Cette Nuit des morts-vivants laisse une impression saisissante qui va au-delà de la peur cultivée par les ficelles thématiques et stylistiques de l'épouvante ou de l'horreur. Une impression de l'ordre du malaise qui naît du champ d'interprétation qu'ouvre le film. À la différence de Massacre à la tronçonneuse (1974), autre classique du genre, simplement mais efficacement horrible et rigolard, cette nuit zombiesque, d'une pure noirceur, présente un possible sous-texte social et politique assez troublant, qui fait sa richesse. Pourtant, à en croire George A. Romero et ses complices, aucun message n'était prémédité et l'objectif se limitait à faire un bon film de genre, rentable avec peu de moyens (mission réussie, au passage, avec 114 000 dollars investis en 1968 pour une recette qui a atteint 12 millions de dollars aux États-Unis et 30 millions à travers le monde, en 2000). L'équipe du film reconnaît toutefois qu'elle était forcément imprégnée par le contexte de l'époque. Et c'est ce contexte que l'on peut voir transpirer à l'écran, inconsciemment ou métaphoriquement, via le sort réservé au héros noir du film et via la symbolique des zombies, la peur qu'ils inspirent, la chasse et l'extermination dont ils font l'objet.
La couleur de peau de Duane Jones qui interprète le personnage principal n'avait peut-être pas d'importance particulière au moment du casting (toujours selon Romero), elle induit toutefois des tensions dans le récit, au sein de la maison assiégée, et illustre d'une certaine façon la situation des Noirs aux États-Unis en 1968 : une ombre d'inquiétude, un vague sentiment de menace se lisent dans le regard du personnage de Barbara (blanche) au moment de l'arrivée de Ben (noir) qui se sent d'abord obligé de justifier qu'il n'a pas volé la camionnette avec laquelle il est arrivé (!) et va ensuite entrer dans un rapport de force et de pouvoir avec l'un des deux hommes blancs de la cave. Son sort final, marqué par une terrible ironie tragique, rappelle par ailleurs les pires heures des crimes commis contre les Noirs aux États-Unis et peut facilement faire écho au sort tout aussi tragique de Martin Luther King, disparu le 4 avril 1968. Concernant la menace des zombies, faut-il y voir l'expression d'une peur d'invasion des communistes ou celle d'une mauvaise conscience à l'égard de "morts-vivants" vietnamiens furieusement bombardés à cette époque ? Tout est imaginable. L'idée d'associer ces zombies à l'actualité est appuyée par la forme même du film, très réaliste ou, du moins, qui entretient l'illusion d'une prise directe avec la réalité via l'insertion dans le récit de flashs d'info radio, de journaux télévisés avec intervention d'un expert scientifique et, à la fin, d'images fixes qui ressemblent à des photos de presse. Tout cela est renforcé, dans les scènes d'action, par l'utilisation d'une caméra à l'épaule, instable, aux effets quasi "documentaires". Et par un casting d'acteurs inconnus, personnages lambda auxquels il est facile de s'identifier.
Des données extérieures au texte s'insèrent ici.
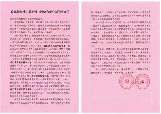Recently, the Zhengzhou Municipal People’s Government officially issued the “Notice on Commending Enterprises with Outstanding Performance in Special Work for High-Quality Development of the Real Economy in Zhengzhou in 2025,” publicly commending enterprises that have deeply engaged in and achieved remarkable results in the field of the real economy across the city. Zhengzhou New Century Digital Technology Co., Ltd. (hereinafter referred to as “Zhengzhou New Century”) was selected for the list due to its innovative breakthroughs in the high-end equipment manufacturing sector, solid and steady operational results, and positive contributions to local economic development. The company secured this municipal-level honor through practical efforts and persistence, demonstrating the responsibility and commitment of real economy enterprises in the new era.
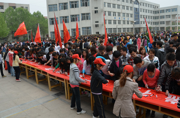 仪式结束后,与会师生井然有序的在“厚德端行 文明修行 共建和谐校园”横幅上签名承诺。
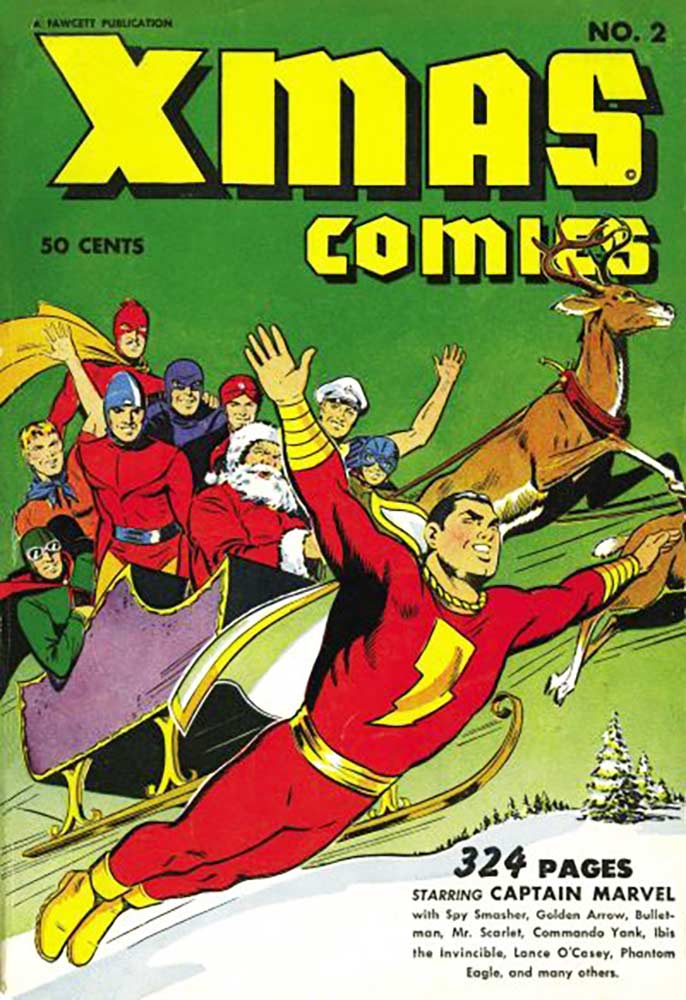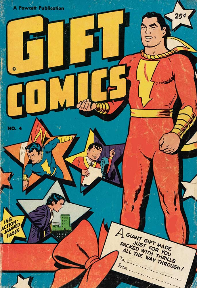 Fawcett’s whopping larger format collections included new stories in America’s Greatest Comics and bound-together returns in books like Xmas Comics and Gift Comics. TM & © DC.
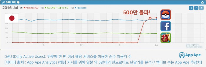 26일 시장조사업체 앱에이프(App Ape)가 현지 5만여대 안드로이드 운영체제(OS) 단말기를 분석한 결과, 포켓몬 고는 지난 22일 출시 첫날 일본의 국민 게임으로 불리는 '몬스터 스트라이크'의 사용자 수를 넘어선데 이어 23일 500만 DAU(하루 활성사용자수)를 기록하며 페이스북과 트위터를 넘어섰다.
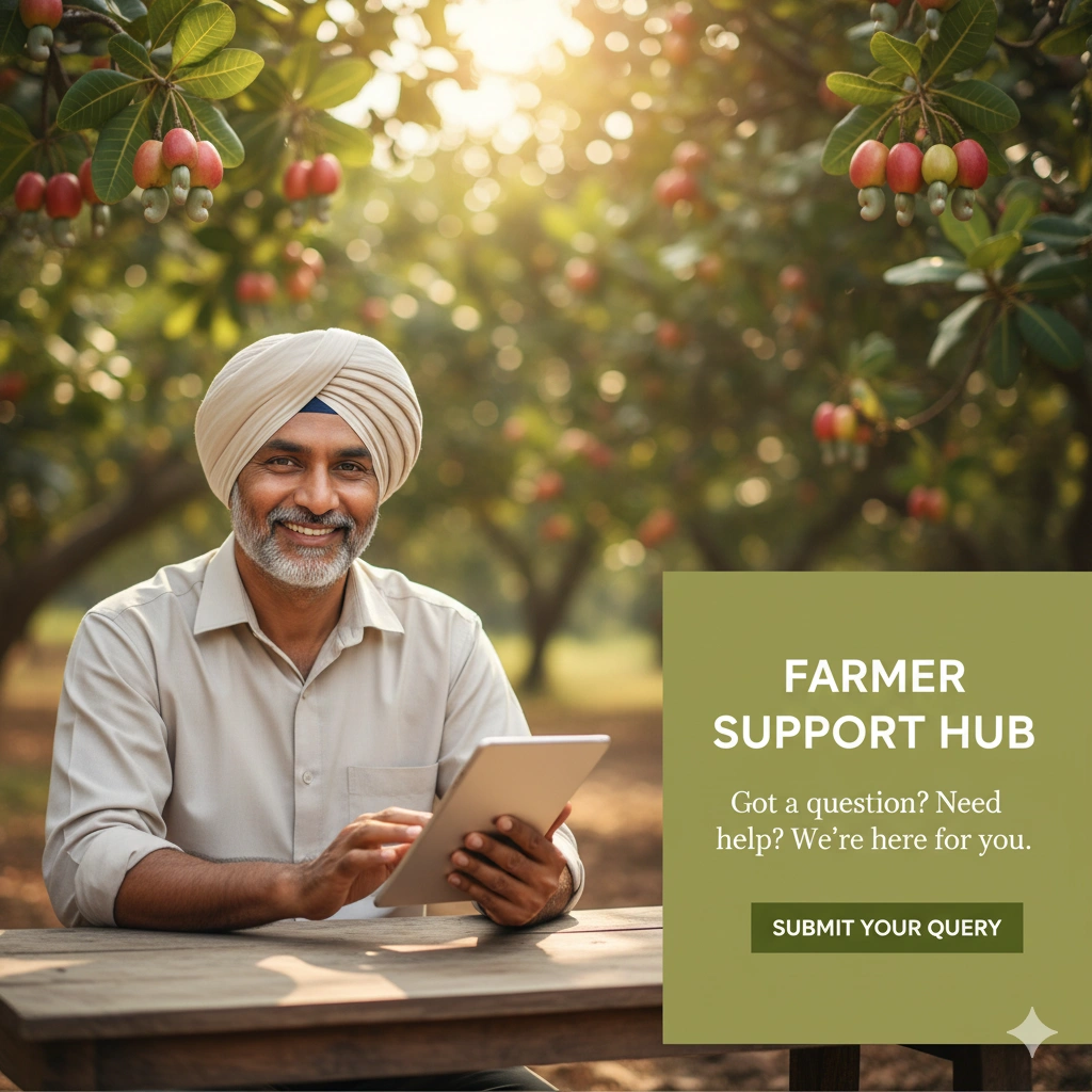 Our digital tools—crop calculators, farm doctor, and seasonal calendars—help farmers plan better, predict yields, and protect crops effectively, making cashew farming smarter and more productive.

Ce premier long-métrage de Romero, qui est surtout l'oeuvre collective d'une bande de potes cinéphiles (et travaillant, pour la plupart, au sein d'une même société de production audiovisuelle), est donc un petit coup de maître qui transcende le film de genre pour l'ouvrir, même de manière plus ou moins involontaire, à une forme de critique sociopolitique. Tout n'est bien sûr pas parfait dans la réalisation (parfois maladroite), dans la narration (avec une partie centrale un peu longue et bavarde) ou dans l'accompagnement musical (envahissant au début). Mais dans ce bricolage d'amateurs doués, il y a des moments de vraie inspiration horrifique (notamment la scène de cannibalisme), des contre-plongées bien flippantes, une bonne gestion des espaces entre l'intérieur et l'extérieur (avec un intérieur qui, de refuge, devient maison de l'horreur) et un superbe noir et blanc. On notera enfin, sur le fond, l'audace d'une histoire bien cruelle à l'égard des "gentils" et dévoyant l'image angélique de l'enfance au cours d'une séquence souterraine assez monstrueuse.
Rapidement devenu film culte, puis classique de son genre, ce film de zombies a initié une mode durable dans la production de films d'horreur, une mode que Romero a continué lui-même à alimenter avec différents ersatz, participant aussi à sa façon au Nouvel Hollywood.